I’m 48. Music from my youth that every American of my generation remembers fondly includes:
- Prince
- Michael Jackson
- Janet Jackson
- Whitney Houston
- Huey Lewis
- Madonna
Was this the last time everyone had a common musical lexicon?
The decline of radio, rise of iTunes, and mushrooming mp3 players meant increasing musical personalization. By the time I finished college in the mid-90s, I only listened to narrow genres of music on the radio: smooth jazz in Pittsburgh and contemporary Hawaiian and slack key guitar music in Honolulu. Once I identified my favs, I only listened to them. No commercials and available at will.
iTunes indulged this desire of music consumers and made it easier than ever to choose songs and create, share and edit mix-tapes, now known as playlists. Pandora offered further fractionalized musical tastes in radio-style mixes customized with your thumbs-up and thumbs-down ratings.

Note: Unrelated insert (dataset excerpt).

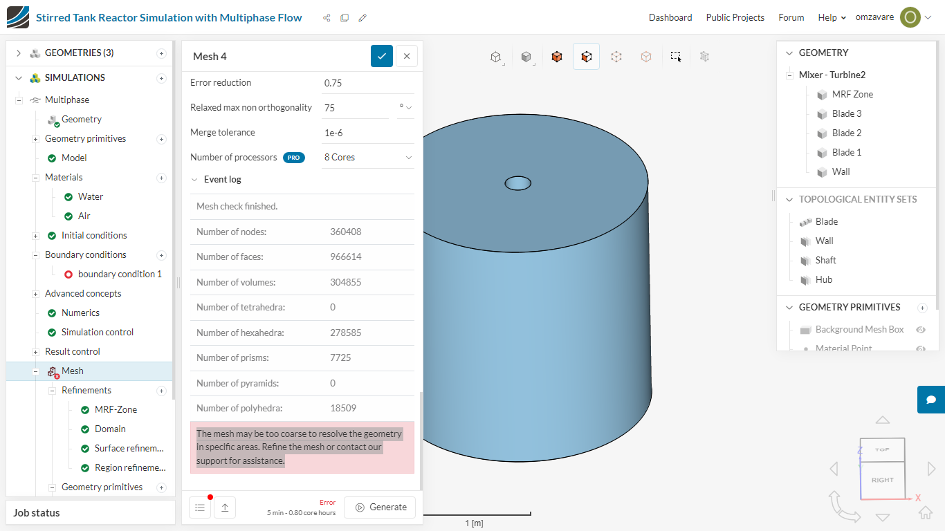 One of the issues is that you don’t have generated the fluid volume yet. as you can see in the reference project. You should only have two volumes. The MRF zone and the fluid volume.

With that, we no longer had a shared musical experience.
What does that do to a culture?
We no longer share a musical experience or memory. When you hear “Purple Rain” or the first few notes of “Thriller” don’t your fingertips twitch in air guitar synergy, and your insides perk up preparing to dance?
Losing our sound meant losing our common ground. As the absurd Roxbury Guys (an 80s Saturday Night Live skit) bebopping to “What is Love?” demonstrate,
Music is a powerful uniting force.
We can disagree about everything else. Shared band love makes up for it temporarily. And that brief recess from acrimony is a place to start seeing each other again. [In Hawaii, we play music and have potlucks. By eating together, everyone usually gets along. You mainlanders should try it: hard fo’ fight over who you like vote for if you stay eating his kalbi BBQ ribs!]
Headphones isolate

Earbuds and sound-canceling headphones do the opposite of what music should do: bring people together. We are beings powered by and sensitive to energy waves—light, sound, electricity, and intention. Isolated musical enjoyment cuts us off from the good vibrations of others.
Think about the cultural ripple Elvis and The Beatles made. Yet another thing American society has lost is our shared musical craze. I don’t have to like you, your politics, or your religion, but we used to be able to enjoy a concert and rock out together.
People from opposing sides don’t do anything together anymore.

As a teenager, I was happiest dancing to the tunes of the day. I was the odd duck, but grooving to music we all liked made me feel less so. I remember the universality of music. Everyone was welcome to it.
Everyone.
When was the last time “everyone” applied without controversy?
Everyone did not have to like the same music, but everyone was free to, if they wanted. We shouldn’t be confined to categories of who can like what.
I miss you, musical America.
Act

Gather several friends and go to a concert or make your own in the car overlooking a view. Turn the music up and Feel the Powah! No one does it better than Earth Wind and Fire.